Даже у тех, кто не был в течение жизни предрасположен к некритическому принятию своей современности, к старости нарастает потребность в соглашательстве с мейнстримом. Приближение смерти придает автообъектности преимущество в сравнении с субъектным «я» и, соответственно, обязывает индивида к покорному следованию социальным нормативам. Старческий конформизм имеет свою специфику. Пожилой оппортунист желает того, чтобы история, которую он более не в состоянии планировать из будущего, остановилась. Он бытиен операционально – по своему возрастному статусу. Между тем для подростка, становящегося конформистом, история вовсе иррелевантна, он бытиен не операционально, а помимо сознания своей ситуации, по некой внутренней необходимости.

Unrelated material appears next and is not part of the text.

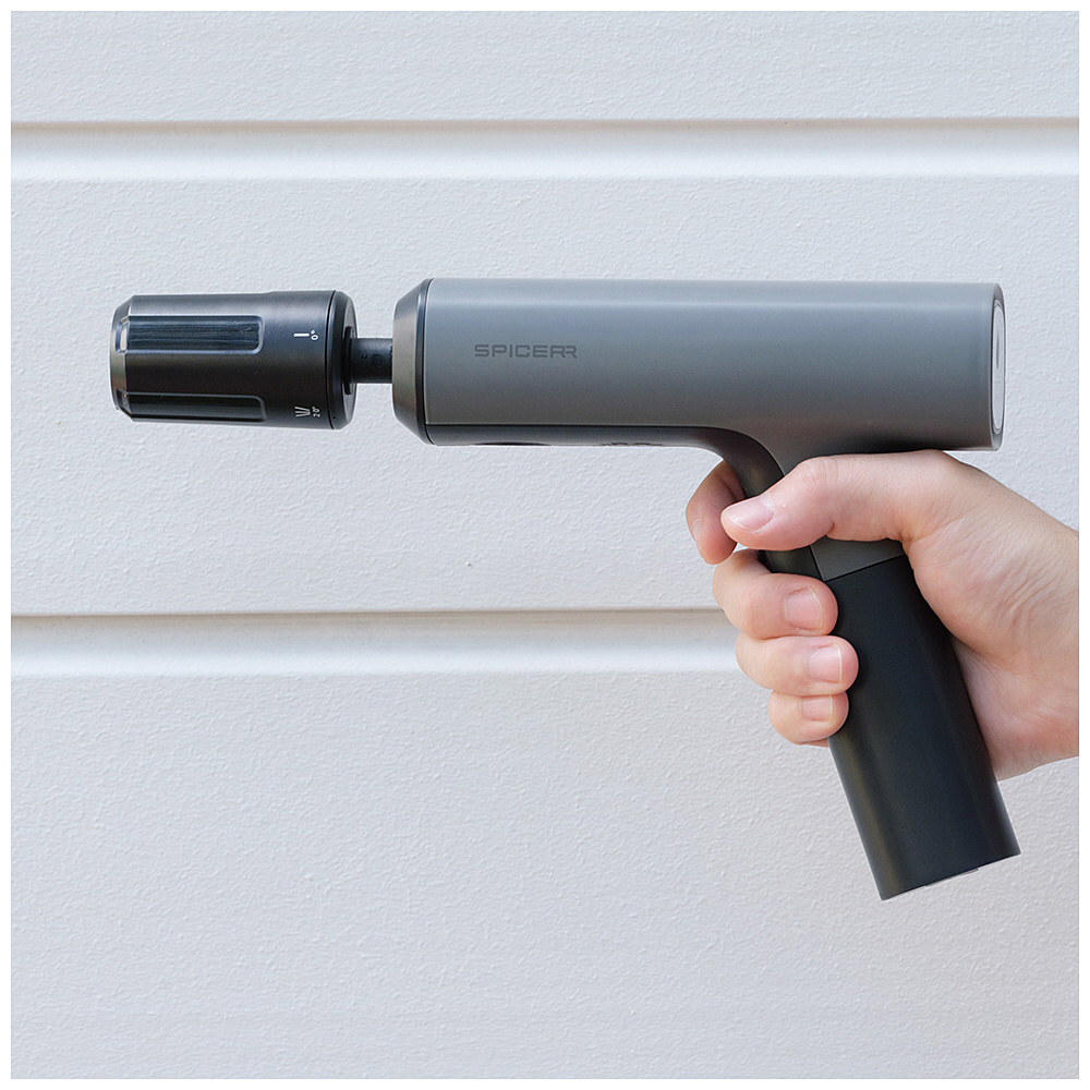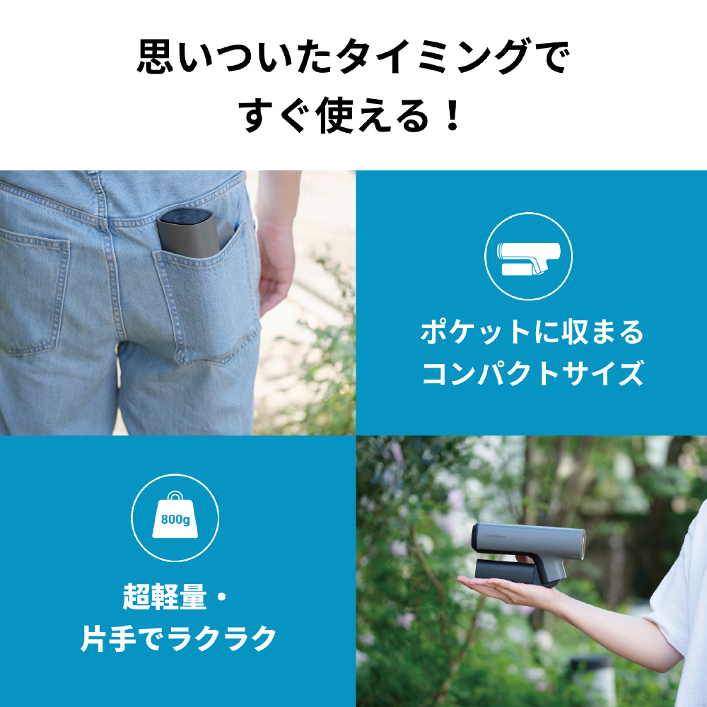 折りたたむとホ゜ケットに入るほどのサイズ感、800gと女性でも軽く扱える重量で手軽に使用ができます。また折りたたむことでトリガースイッチが隠れるなど誤作動防止の機能も担っています。
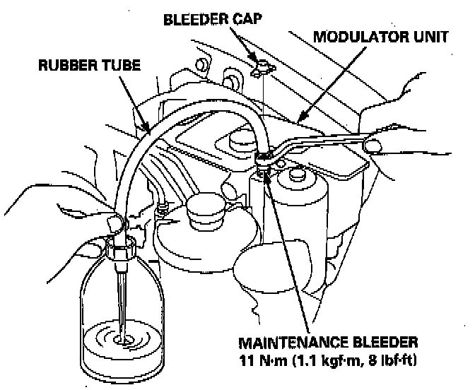 CAUTION: Do not loosen the relief plug on the accumulator.NOTE: Brake fluid replacement procedure explained in this article is for the brake fluid in the modulator unit (that is, the brake fluid in the high-pressure passage and in the reservoir). Fluid replacement procedures for the rest of the brake system are incorporated into the brake bleeding procedures for the basic brake hydraulic system. System Bleeding

Говоря об индивидном у животных и людей, мы подразумеваем совсем разные явления экземплярности. Биологическая индивидность определяется иммунной системой организма, гарантирующей его связность, согласованность его частей вопреки воздействиям извне[67]. Индивидность человека не только защитного свойства, она также исключительна. Самосознание возводит «я» в величину, антитетичную всему, что ни есть, делает «я» тем началом, из которого производится «постановка» «не-я» – в смысле Фихте[68]. Опыт социальной (в истоке семейной) жизни релятивирует суверенность авторефлексии, заставляя нас глядеть на себя чужими глазами, – в противоход к этому урезыванию самонравия личность доказывает свою особость в актах творчества. Историю питают персональные вложения в цивилизационно-культурное достояние общества, заставляющие приспосабливаться к ним их получателей. Конформное «я» ничему не противостоит. Оно пригодно к чему бы то ни было. Индивидное «я» релятивно, конформное – абсолютно, как само бытие. Конформист узурпирует бытие, тщетно вбирая его в себя. Бытийности жаждут ординарные люди застывающего быта.
4
Конформизм как он есть. Разумеется, ни одному из бытующих, как бы он ни старался адаптироваться к среде, не доводится добиться тождества между собой и сущим, что есть прерогатива Бога. Все сказанное выше о конформисте подразумевало некий идеальный его образ, в реальности не встречающийся. Но этот обман тех, кто ждет от претендующих на доказательность рассуждений, что в них осуществится adaequatio rei et intellectus, – полезное и неизбежное отвлечение от эмпирии, без которого в ней нельзя было бы разобраться и даже, более того, понять ее как именно противодействующую идеализации. Либо мы охватываем ее единым взглядом, проверяя наше видение на отдельных случаях, не поднимающихся до полноты эталона, но и не противоречащих ему, либо подвергаемся опасности выдать частное за общее, обмануть самих себя, не заметив фальши.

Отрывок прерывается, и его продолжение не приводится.